RECORD EXTRACTS =
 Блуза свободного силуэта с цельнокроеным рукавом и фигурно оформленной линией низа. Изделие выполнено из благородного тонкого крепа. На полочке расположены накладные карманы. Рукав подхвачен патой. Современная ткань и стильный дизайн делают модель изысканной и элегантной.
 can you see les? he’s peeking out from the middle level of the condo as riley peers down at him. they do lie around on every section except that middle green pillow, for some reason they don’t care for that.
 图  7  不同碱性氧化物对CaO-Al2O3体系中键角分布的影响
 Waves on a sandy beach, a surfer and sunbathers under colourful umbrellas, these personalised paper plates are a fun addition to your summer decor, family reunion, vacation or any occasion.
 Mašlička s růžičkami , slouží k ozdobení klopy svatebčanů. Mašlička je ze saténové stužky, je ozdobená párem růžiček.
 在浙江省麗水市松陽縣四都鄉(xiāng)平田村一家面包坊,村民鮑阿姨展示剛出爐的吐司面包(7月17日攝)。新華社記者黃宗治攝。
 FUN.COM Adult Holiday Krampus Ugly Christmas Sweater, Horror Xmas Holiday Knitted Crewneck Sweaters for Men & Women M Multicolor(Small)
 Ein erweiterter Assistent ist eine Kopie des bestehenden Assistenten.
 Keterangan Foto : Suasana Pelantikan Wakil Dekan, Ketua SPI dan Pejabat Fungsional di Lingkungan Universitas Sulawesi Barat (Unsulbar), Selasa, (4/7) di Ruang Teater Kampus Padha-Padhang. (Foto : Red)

==

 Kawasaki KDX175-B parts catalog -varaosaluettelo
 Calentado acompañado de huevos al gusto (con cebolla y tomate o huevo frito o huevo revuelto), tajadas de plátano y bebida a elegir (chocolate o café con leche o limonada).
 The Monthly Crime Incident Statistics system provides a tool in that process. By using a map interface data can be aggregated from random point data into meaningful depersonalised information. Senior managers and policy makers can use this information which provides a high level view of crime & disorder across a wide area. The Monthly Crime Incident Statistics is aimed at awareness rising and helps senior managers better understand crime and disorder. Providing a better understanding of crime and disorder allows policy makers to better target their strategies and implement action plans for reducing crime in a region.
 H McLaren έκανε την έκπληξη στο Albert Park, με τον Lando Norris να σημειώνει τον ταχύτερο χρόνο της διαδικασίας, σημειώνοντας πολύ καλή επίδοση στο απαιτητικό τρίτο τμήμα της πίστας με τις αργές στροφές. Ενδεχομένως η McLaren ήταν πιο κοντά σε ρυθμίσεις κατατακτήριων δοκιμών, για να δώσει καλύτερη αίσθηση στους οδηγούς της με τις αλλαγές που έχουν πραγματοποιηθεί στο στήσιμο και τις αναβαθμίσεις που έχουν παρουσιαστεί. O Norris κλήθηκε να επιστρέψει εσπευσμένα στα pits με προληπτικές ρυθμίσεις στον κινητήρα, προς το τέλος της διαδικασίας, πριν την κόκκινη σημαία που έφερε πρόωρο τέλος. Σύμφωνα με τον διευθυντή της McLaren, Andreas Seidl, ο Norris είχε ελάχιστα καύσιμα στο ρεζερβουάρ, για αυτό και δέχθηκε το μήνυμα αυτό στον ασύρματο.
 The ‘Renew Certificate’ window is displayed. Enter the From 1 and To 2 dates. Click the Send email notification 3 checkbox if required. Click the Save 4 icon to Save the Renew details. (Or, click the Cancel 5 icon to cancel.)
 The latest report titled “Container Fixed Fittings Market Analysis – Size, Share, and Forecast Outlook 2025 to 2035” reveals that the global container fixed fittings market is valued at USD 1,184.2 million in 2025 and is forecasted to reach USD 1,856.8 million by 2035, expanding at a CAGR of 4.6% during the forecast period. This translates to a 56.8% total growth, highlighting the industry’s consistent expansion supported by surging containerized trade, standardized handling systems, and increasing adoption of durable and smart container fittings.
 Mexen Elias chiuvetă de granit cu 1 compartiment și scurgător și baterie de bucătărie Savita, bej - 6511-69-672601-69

TASK = Reproduce each line of the material in which the string "that" occurs.

RESPONSE BOX =
 can you see les? he’s peeking out from the middle level of the condo as riley peers down at him. they do lie around on every section except that middle green pillow, for some reason they don’t care for that.
 The Monthly Crime Incident Statistics system provides a tool in that process. By using a map interface data can be aggregated from random point data into meaningful depersonalised information. Senior managers and policy makers can use this information which provides a high level view of crime & disorder across a wide area. The Monthly Crime Incident Statistics is aimed at awareness rising and helps senior managers better understand crime and disorder. Providing a better understanding of crime and disorder allows policy makers to better target their strategies and implement action plans for reducing crime in a region.
 The latest report titled “Container Fixed Fittings Market Analysis – Size, Share, and Forecast Outlook 2025 to 2035” reveals that the global container fixed fittings market is valued at USD 1,184.2 million in 2025 and is forecasted to reach USD 1,856.8 million by 2035, expanding at a CAGR of 4.6% during the forecast period. This translates to a 56.8% total growth, highlighting the industry’s consistent expansion supported by surging containerized trade, standardized handling systems, and increasing adoption of durable and smart container fittings.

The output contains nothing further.